Entries supplied:
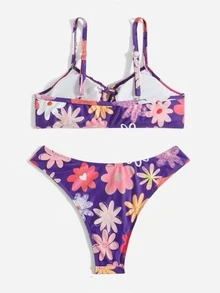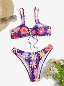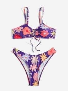 Floral Print Drawstring Bikini
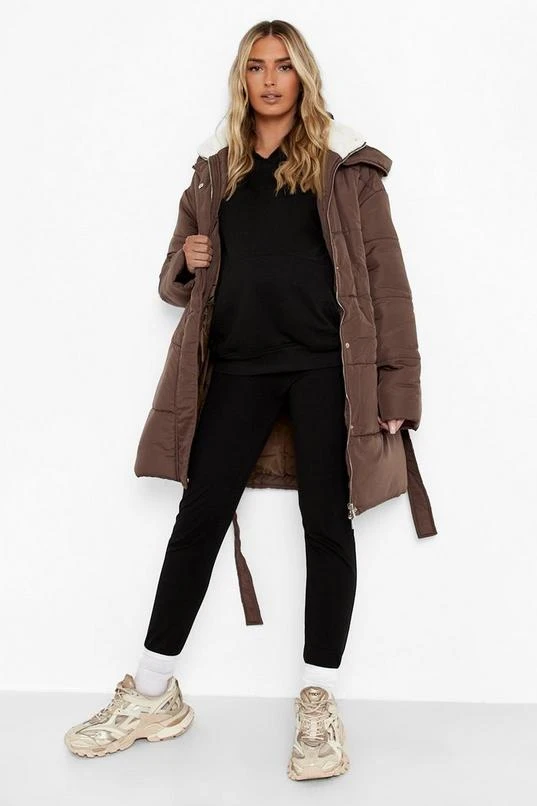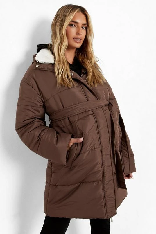 BOOHOO Maternity Padded Borg Detail Parka Coat
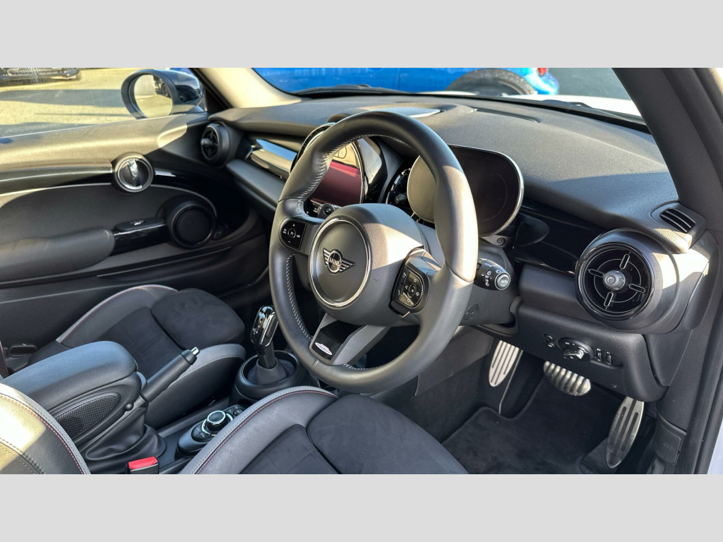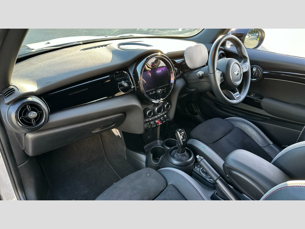 MINI 3-Door Hatch Cooper S Sport in Nanuq White with Dinamica/Leather John Cooper Works Sport interior. Spec includes Premium Pack , Comfort Access, Heated Front Seats, JCW Sport Seats, Front Centre Armrest, Ambient Lighting, DAB Radio, Smartphone Navigation Projection, Digital Cockpit, Smartphone Integration, Ambient Lighting, Electric Folding Door Mirrors, Rear-view Mirror with Auto dimming, Rear Parking Sensors, Black Roof and Mirror Caps, John Cooper Works Aerodynamic Kit, Darkened Rear Glass, 17'' Track Spoke Alloy Wheels in Black.. 17'' Track Spoke alloy wheels in black, Nappa leather steering wheel, Intelligent Adaptive Suspension, Multifunction Controls on Steering Wheel, John Cooper Works Aerodynamic Kit, Piano Black Exterior, Black Roof and Mirror Caps, Anthracite Headlining, Piano Black Interior Trim, Rear Fog Light, Driving Assistant, LED Headlights, Auto headlights with rain sensor, ConnectedDrive Services, Remote Services, MINI Connected, Digital Cockpit, White Indicator Lenses, Sport, Connected Media, EU6 RDE II exhaust emissions standard, RDE additional contents, Sport Double-clutch auto transmission, Tyre Repair Kit, Electric Folding Door Mirrors, Comfort Access, John Cooper Works sport seats, Ambient Lighting, MINI Driving Modes, Darkened Rear Glass, Rear-view Mirror with Auto dimming, Front centre armrest, Storage Pack, Heated front seats, Flexible CarSharing Preparation, Rear Parking Sensors, Automatic Air Conditioning, Cruise Control, Additional Interior Lighting, MINI Emergency Call, MINI TeleServices, Smartphone Integration, Smartphone Navigation Projection, DAB Radio, Active Pedestrian Safety, Premium Pack - Automatic Transmission. Full dealership history
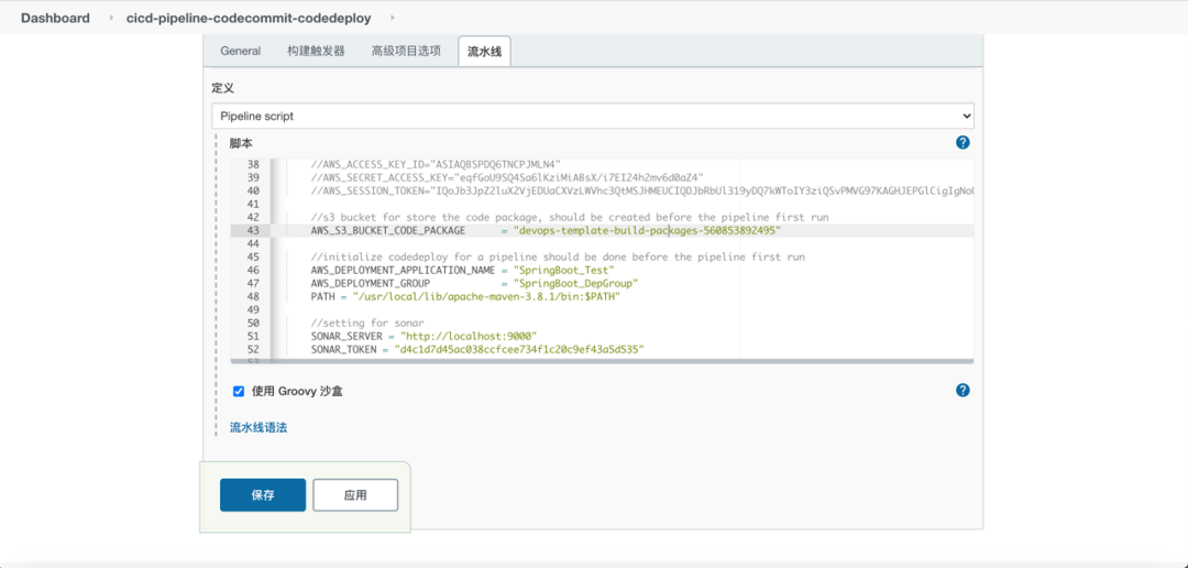 点击流水线,修改AWS_S3_BUCKET_CODE_PACKAGE环境变量为准备阶段创建的S3存储桶devops-template-build-packages-<123456789000>保存该 pipeline
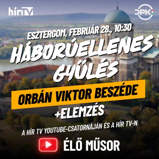 Háborúellenes Gyűlés Esztergomból. Kövesse Ön is élőben Orbán Viktor miniszterelnök beszédét a Mandineren! Már csak 43 nap van hátra a soron következő országgyűlési választásokig. Brüsszel és Kijev a…
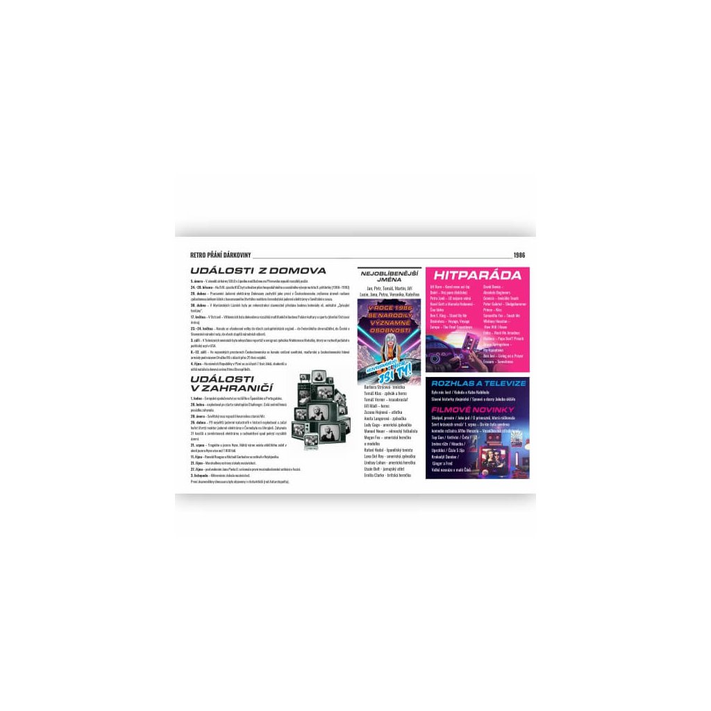 Vrať se do roku 1986 a připomeň si, jak vypadal svět, když ses narodil/a! RetroČasopis 1986 je originální dárek plný nostalgie, humoru i skutečných příběhů z doby, kdy frčely kazety, džíny, céčka a první videopřehrávače.
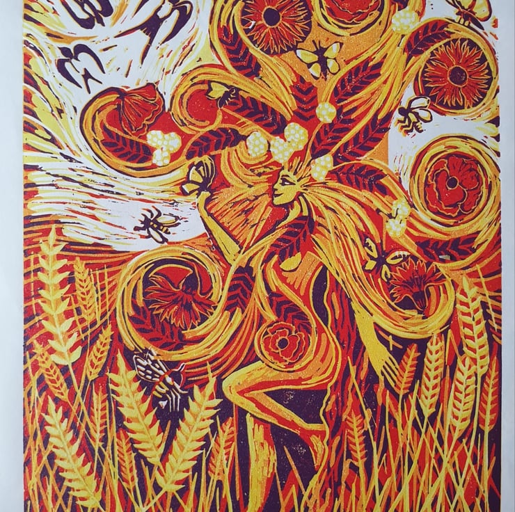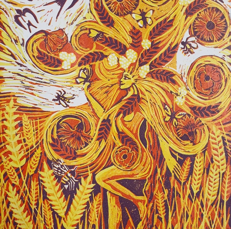 Demeter, goddess of grain, the harvest and the fertility of the Earth. Reduction linocut print 20cm x 27cm. Bees, butterflies, swallows, birds, corn flowers, poppies, nature, pagan, wiccan, turning of the wheel, spring into summer.
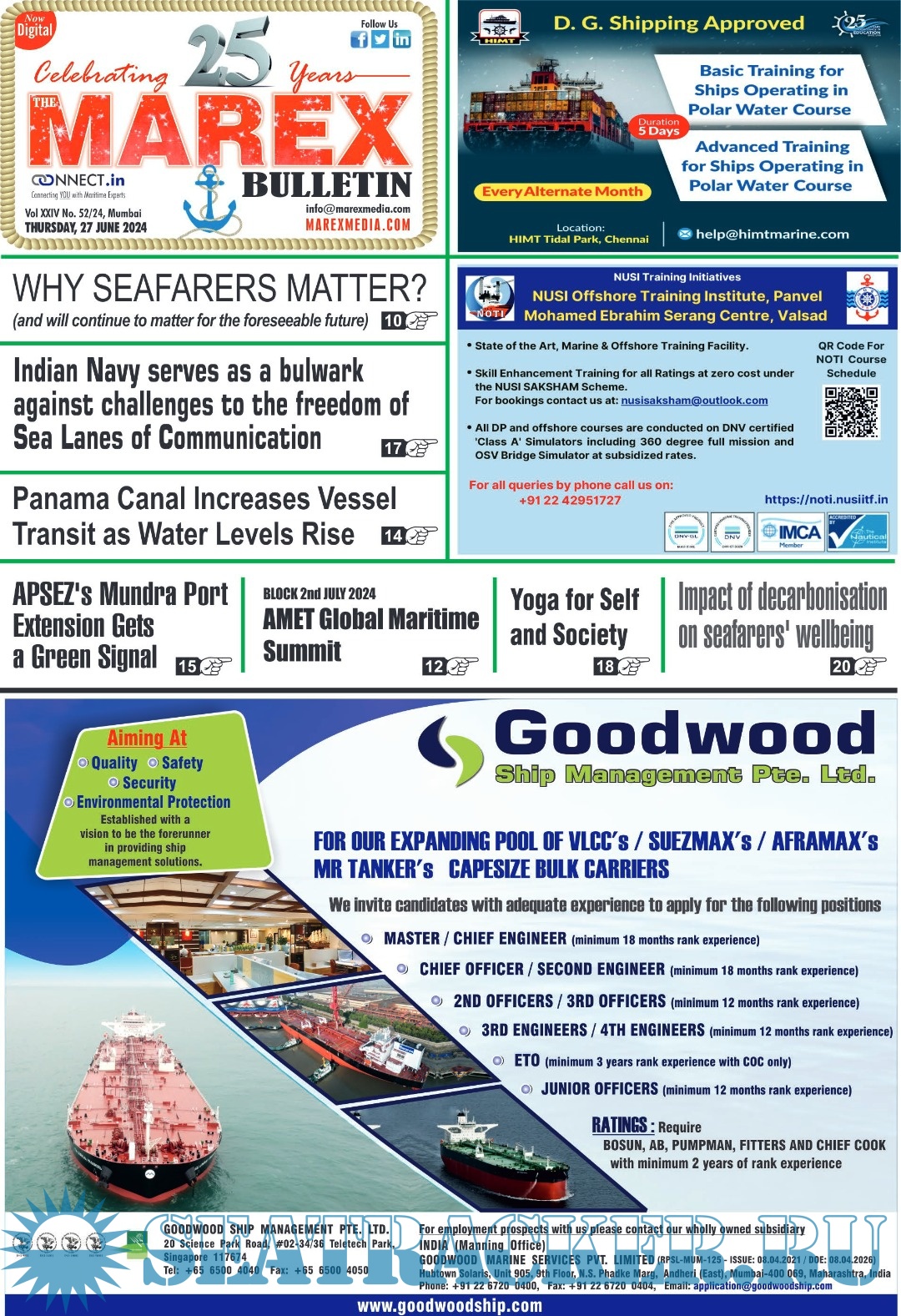 The Leading magazine for seafarers to locate Ship-board Employment opportunities, Training Institutes, Shipping companies.
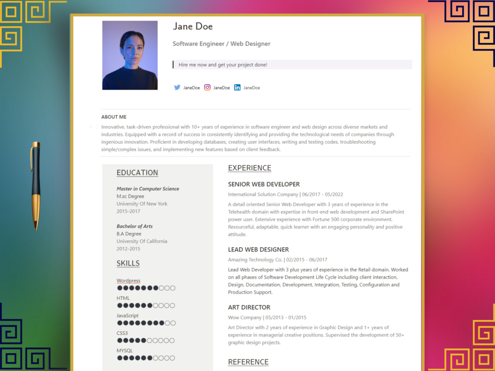 This resume template lets you showcase your skills, education, past experiences and more in just a few minutes. Take advantage of this opportunity to make a great impression on your future employer. Send online or print in PDF
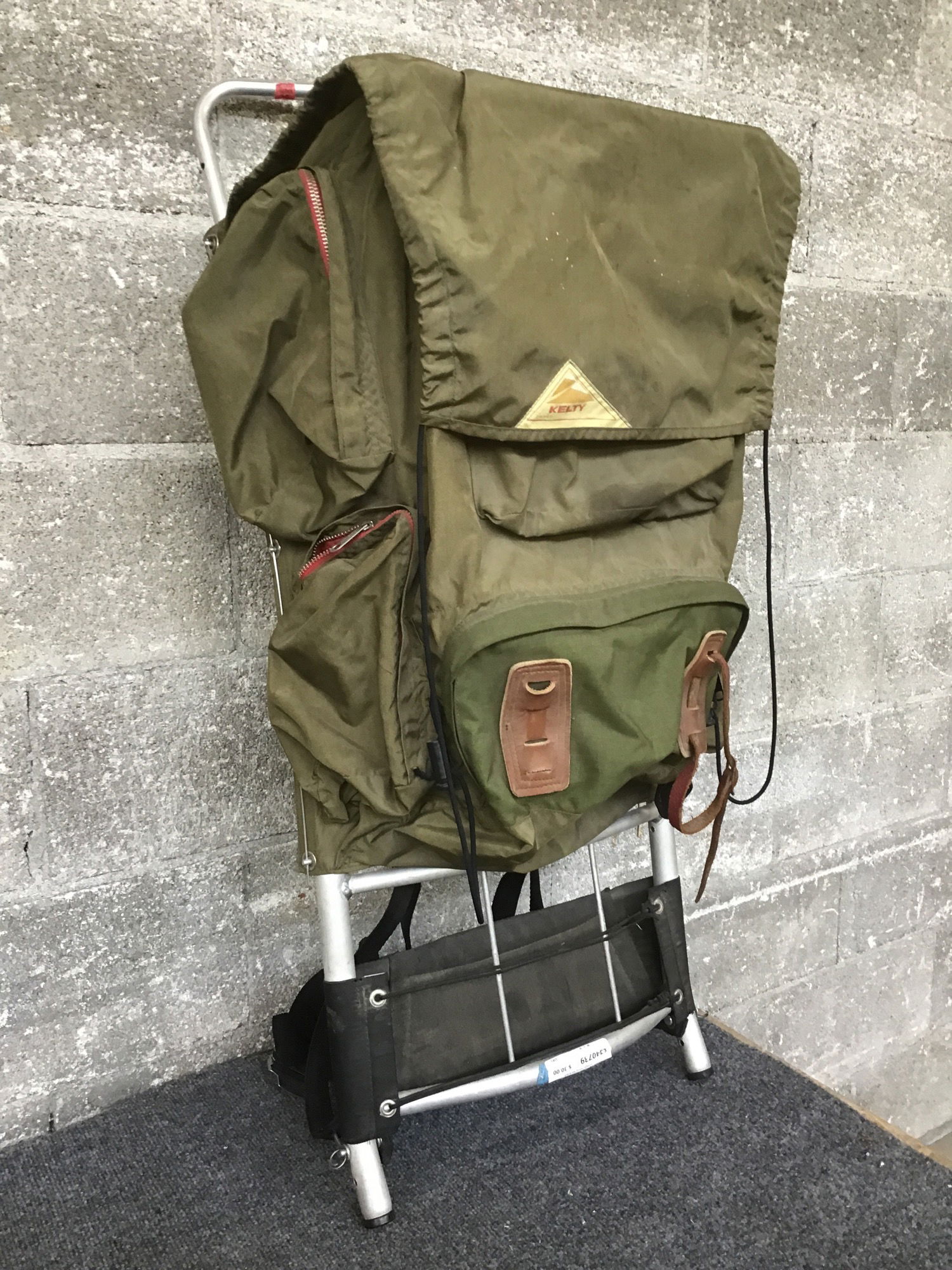This is a vintage aluminum framed hiking backpack with a classic olive green bag that has leather straps to secure your pack.

Task description:
What is needed is an exact repeat of only the lines from the one containing "Vrať se do roku" through the last line of the listing above, both ends included, without the pictures.

Response box:
 Vrať se do roku 1986 a připomeň si, jak vypadal svět, když ses narodil/a! RetroČasopis 1986 je originální dárek plný nostalgie, humoru i skutečných příběhů z doby, kdy frčely kazety, džíny, céčka a první videopřehrávače.
 Demeter, goddess of grain, the harvest and the fertility of the Earth. Reduction linocut print 20cm x 27cm. Bees, butterflies, swallows, birds, corn flowers, poppies, nature, pagan, wiccan, turning of the wheel, spring into summer.
 The Leading magazine for seafarers to locate Ship-board Employment opportunities, Training Institutes, Shipping companies.
 This resume template lets you showcase your skills, education, past experiences and more in just a few minutes. Take advantage of this opportunity to make a great impression on your future employer. Send online or print in PDF
This is a vintage aluminum framed hiking backpack with a classic olive green bag that has leather straps to secure your pack.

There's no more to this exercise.